How are bone-resorbing cells recruited to bone? Previously, Naoyuki Takahashi and colleagues identified dedicated precursor cells, which they termed “quiescent osteoclast precursors” (QOPs). Now, the group report in the Journal of Bone and Mineral Research that these cells, poised to become osteoclasts, circulate in the blood until they home to bone and differentiate. The findings, from studies in mice, increase understanding of the physiological control of bone turnover.

The differentiation of osteoclasts from cells in the monocyte/macrophage lineage is closely regulated by the expression of two key cytokines—colony stimulating factor 1 (CSF1) and receptor activator of NFκB ligand (RANKL)—that are produced by osteoblasts, responsible for bone formation. In 2009, Takahashi and colleagues found that, rather than originating from cells of a broad monocyte/macrophage lineage as previously thought, osteoclasts can differentiate from a group of specific, cell-cycle-arrested myeloid cells—QOPs. Found at the bone surface, QOPs differentiated into osteoclasts in response to CSF1 and RANKL without cell-cycle progression. In their new study, the group focused on the characteristics of QOPs from peripheral blood and bone marrow.
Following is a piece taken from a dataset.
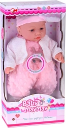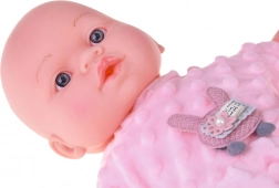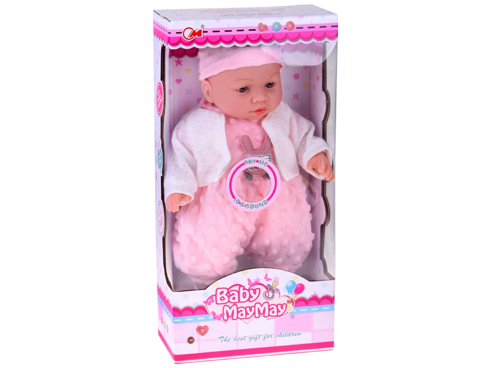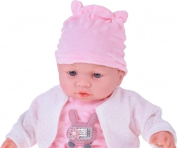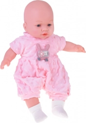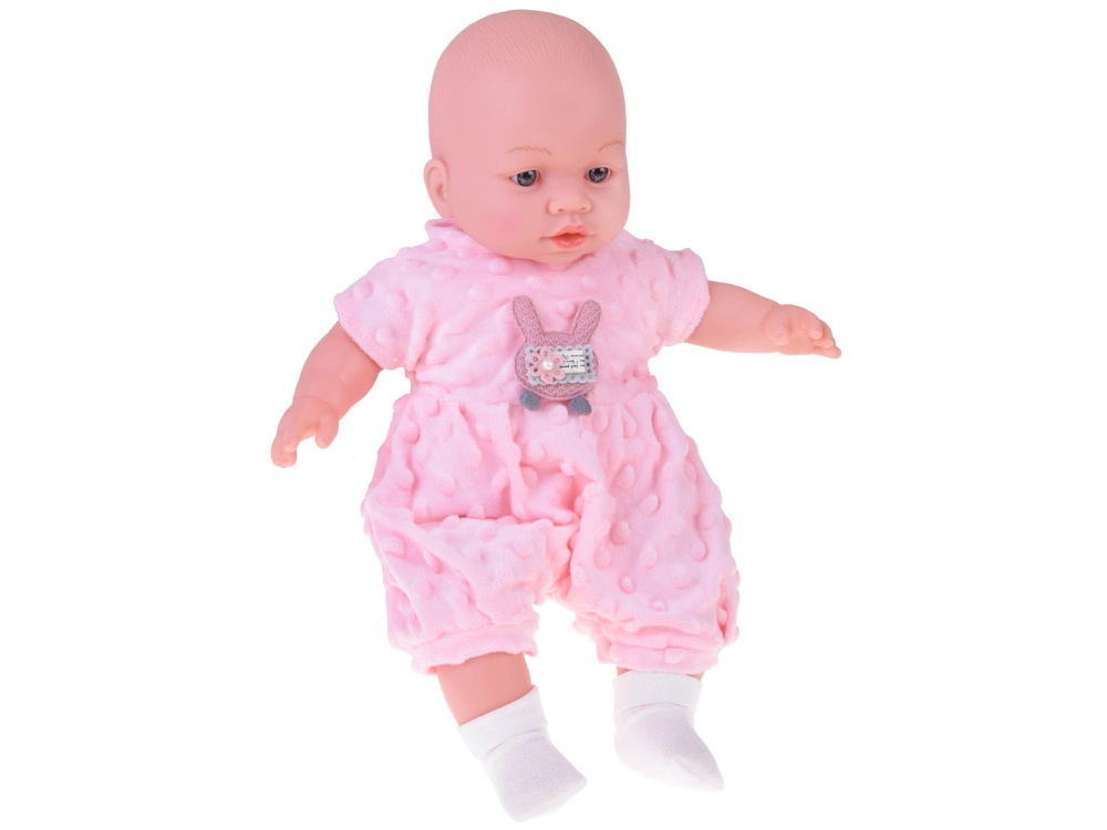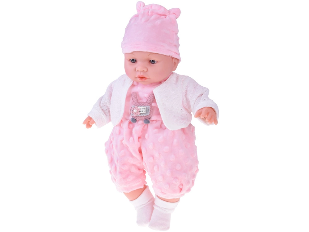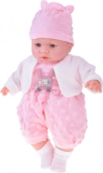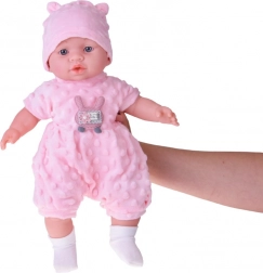 Roztomilé bábätko s výškou 40 cm poteší každé dieťa už od 12 mesiacov. Vďaka mäkkému textilnému telíčku je skvelé na maznanie, ľahké na nosenie a má realistické detaily tváre. Po stlačení bruška vydáva rôzne zvuky – žvatlá, smie sa, poplakáva a mrnčí. Súčasťou je hebký ružový rampers z minky s aplikáciou, čiapočka s uškami, biely kardigán a ponožky.

Florescence-activated cell sorting was used to isolate RANK and CSF1 receptor (CSF1R) double-positive osteoclast precursors from bone marrow. Three distinct cell populations were identified: RANKhighCSF1Rlow, RANKhighCSF1Rhigh and RANKlowCSF1Rhigh. When cultured with RANKL and CSF1 for 5 days, these cells differentiated into tartrate-resistant acid phosphatase (TRAP)-positive osteoclasts. However, when this culturing was repeated with RANKL and CSF1 supplemented with hydroxyurea (an inhibitor of DNA replication that inhibits differentiation of osteoclasts from bone marrow macrophages), osteoclastogenesis was almost completely inhibited in RANKlowCSF1Rhigh cells, significantly decreased in RANKhighCSF1Rhigh cells, and unchanged in RANKhighCSF1Rlow cells. These findings suggested that the RANKhighCSF1Rlow population contained mostly QOPs, able to differentiate without cell-cycle progression. Macrophage and monocyte lineage expression markers were expressed at low levels in these cells. Whereas RANKlowCSF1Rhigh cells were able to differentiate into dendritic cells when treated with CSF2 and lipopolysaccharide, RANKhighCSF1Rlow were not, confirming the lineage-determined nature of QOPs as previously described.
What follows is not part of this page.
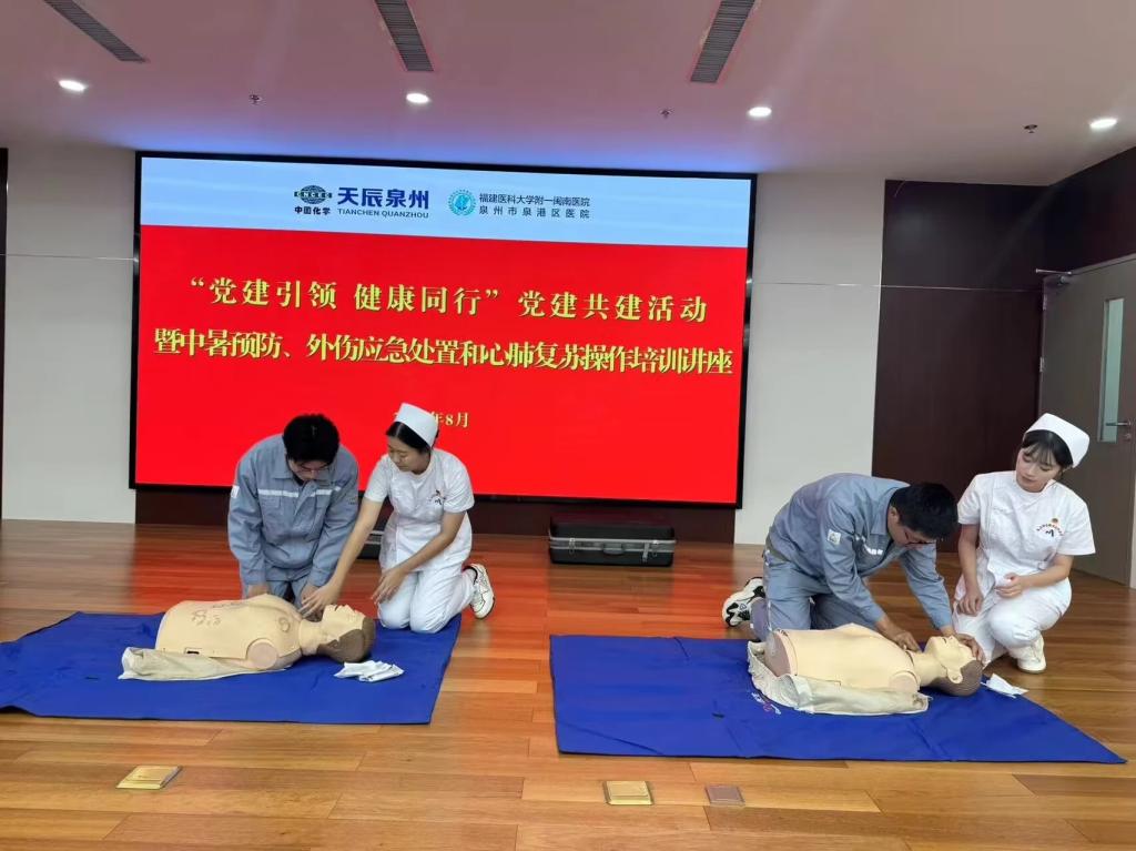 在中化學(xué)天辰(泉州)新材料有限公司的職工也參與了我們的活動(dòng),我們?yōu)槠溟_展了醫(yī)學(xué)知識(shí)宣教與CPR的演示與教學(xué)活動(dòng)。通過(guò)這些活動(dòng),職工們不僅學(xué)到了寶貴的急救知識(shí),也增強(qiáng)了應(yīng)對(duì)緊急情況的能力。

Next, collagen disks containing bone morphogenetic protein 2 (BMP-2) were implanted into dorsal muscle pouches in mice; ectopic bone formed after 2 weeks and TRAP-positive osteoclasts were detected on its surface. The mice were administered bromodeoxyuridine (BrdU) in their drinking water throughout the experiment: most of the nuclei of the osteoclasts were negative for BrdU, indicating that the cells differentiated from the cell-cycle arrested QOPs. By comparison, most of the osteocytes present in the ectopic bone were positive for BrdU, indicating that osteoblasts had formed from proliferative precursors.

BrdU was then used to determine the lifespan of RANK+ cells compared with cells positive for F4/80, a marker of mature macrophages in mice. After 2 weeks of BrdU administration, >80% of nuclei in F4/80+ cells were BrdU-positive, compared with 25% of RANK+ cells. A 4-week period in which 2 weeks of BrdU administration were followed by a 2-week washout period resulted in roughly 10% of RANK+ cells maintaining BrdU staining, whereas almost all of the F4/80+ cells lost BrdU positivity. The researchers calculated the half-lives of F4/80+ and RANK+ cells to be approximately 3 and 11 days, respectively, indicating a slow rate of proliferation and long lifespan of QOPs.
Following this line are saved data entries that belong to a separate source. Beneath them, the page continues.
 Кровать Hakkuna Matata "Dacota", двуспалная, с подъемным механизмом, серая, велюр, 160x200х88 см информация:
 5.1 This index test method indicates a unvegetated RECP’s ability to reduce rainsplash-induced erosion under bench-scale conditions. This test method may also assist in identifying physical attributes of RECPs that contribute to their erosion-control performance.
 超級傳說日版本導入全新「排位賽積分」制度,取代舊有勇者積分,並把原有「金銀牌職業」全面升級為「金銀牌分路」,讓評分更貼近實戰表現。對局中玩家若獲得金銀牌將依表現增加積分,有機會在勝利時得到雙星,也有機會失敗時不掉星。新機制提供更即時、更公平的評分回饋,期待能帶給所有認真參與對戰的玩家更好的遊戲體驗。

RANKL−/− mice, which lack osteoclasts but possess QOPs, were then implanted with BMP-2-containing collagen disks or control disks that lacked BMP-2. After 2 weeks, the distribution of F4/80+ cells in ectopic bone did not differ between BMP-2 and control disks, whereas RANK+ cells were far more numerous in the BMP-2 disks compared with control disks. When the mice were injected with RANKL, osteoclasts formed in the BMP-2 disks only. Thus, it seems that QOPs circulate in the blood and settle in the appropriate location for osteoclastogenesis. Nevertheless, the authors report, “the cellular mechanism of the egress of QOPs from hematopoietic organs into the bloodstream remains to be elucidated.”

This study, in concert with previous observations, increases our understanding of bone turnover, and in future might help to combat aberrant bone deposition.